だが、事実であると私は思うよ。あの時の蔡蔵は、まだ酷く錯乱していたからね。嘘をつくこともできなかっただろう。それに嘘を言う理由もない。
私が話せるのはここまでだ――すまなかったね、怜奈。お前にはいつも辛い想いばかりさせて。許しておくれ」
お爺様はそう言うと、正座したまま、頭を畳につける。私に対して、土下座をしていた。
「あ、頭を上げてください、お爺様! お爺様は何も悪くないし、私も責めるつもりはありません」
「――ありがとう、怜奈。だが――蔡蔵の事も、できれば分かってやってほしい。今回の事は許される事ではないが、アレもあの時は必死だったのだ。お前たち兄妹を救うために」
「そ、それは――」
お爺様の言葉に同意することはできなかった。それほど、私の中でお父様への不信感は膨れ上がっていた。
「アレは怜奈にあの時の記憶を思い出させたくなかったのだよ。
だからこそ、今回の事件に関わらせたくなかった。
そして、怜奈までもが、貴志のようになってしまうことを何よりも恐れているのだよ。だからこそ、その歳なるまで、怜奈に任務をさせてこなかったのだろう」
「――」
そう言うことだったのだか。何故、あれ程までに任務から私を遠ざけていたのか、今になって分かった。

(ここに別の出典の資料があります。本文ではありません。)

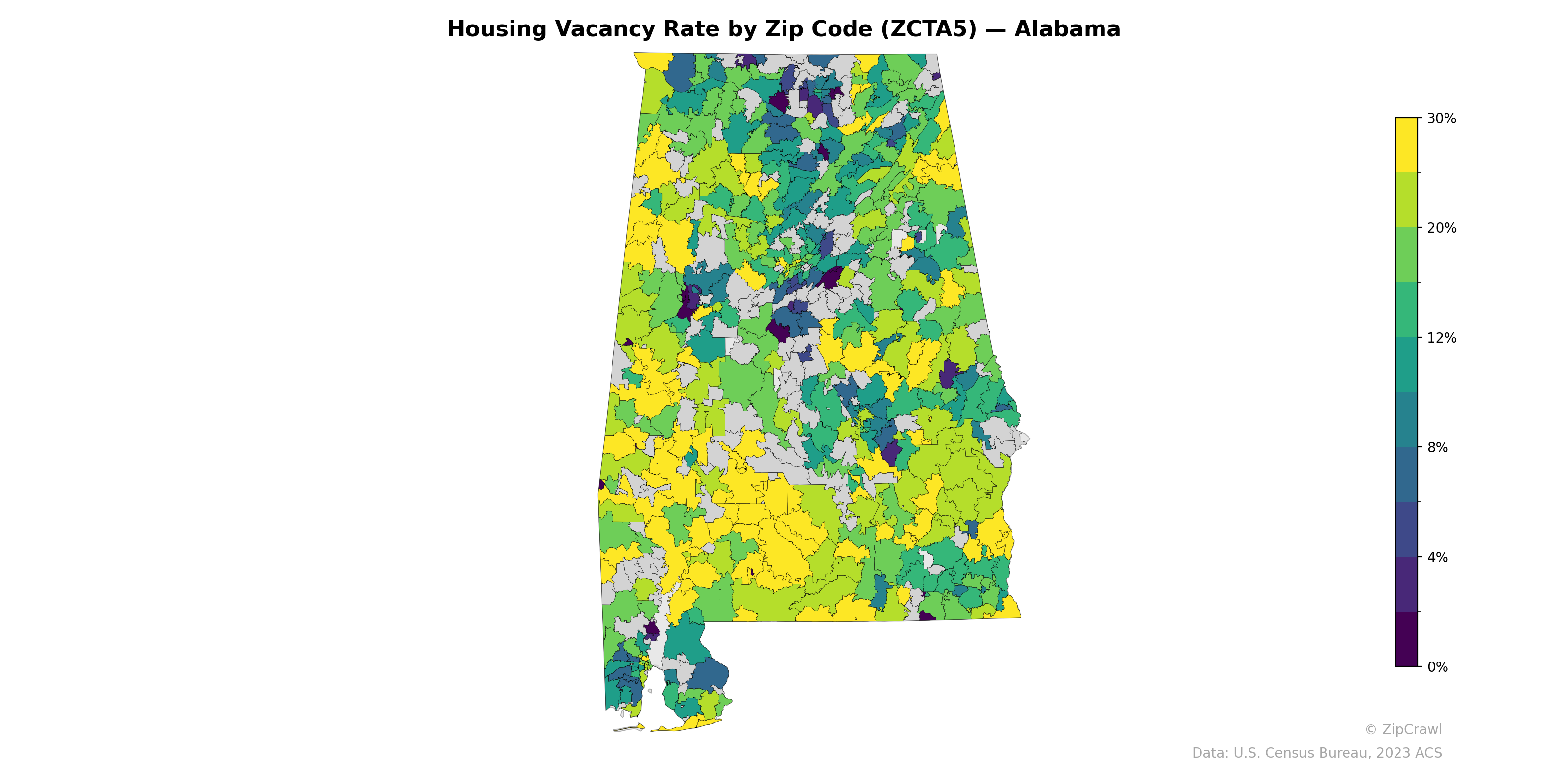 Housing vacancy rates across Alabama exhibit substantial spatial variation, with the highest concentrations (20–30%+) clustered in rural Black Belt counties in the south-central part of the state and portions of the western border region. Urban cores and their surrounding suburban zip codes—particularly around Birmingham, Huntsville, and Mobile—display notably lower vacancy rates, often falling below 8%, reflecting stronger housing demand in metropolitan areas. A scattering of deep purple zip codes with near-zero vacancy rates appears in select suburban and exurban areas, likely indicating tight housing markets in high-growth communities.

お父様は、恐れていたのだ。私が任務に就き、人を殺してしまった時、私が貴志のように、狂ってしまうのではないか――と。故に、紅坂命の監視任務の時も、「何があっても殺すな」と言ったのだ。
私は立ち上がり、居間から出て行こうとする。
「貴志に会いに行くのかい?」
後ろからお爺様に声をかけられた。私は振り向かず応える。
「――はい。すべてを終わらせに。
私にとって、殺人鬼が兄だろうと、お母様の敵だろうと関係ないんです。今は――ただ、一輝を守りたい――それだけなんです。だから――」
「わかった――怜奈の好きにするがいい。止めはしないよ」
「ありがとうございます」
私はお爺様の家から出ると、駆けだした。殺人鬼、一ノ宮貴志を探し出すために。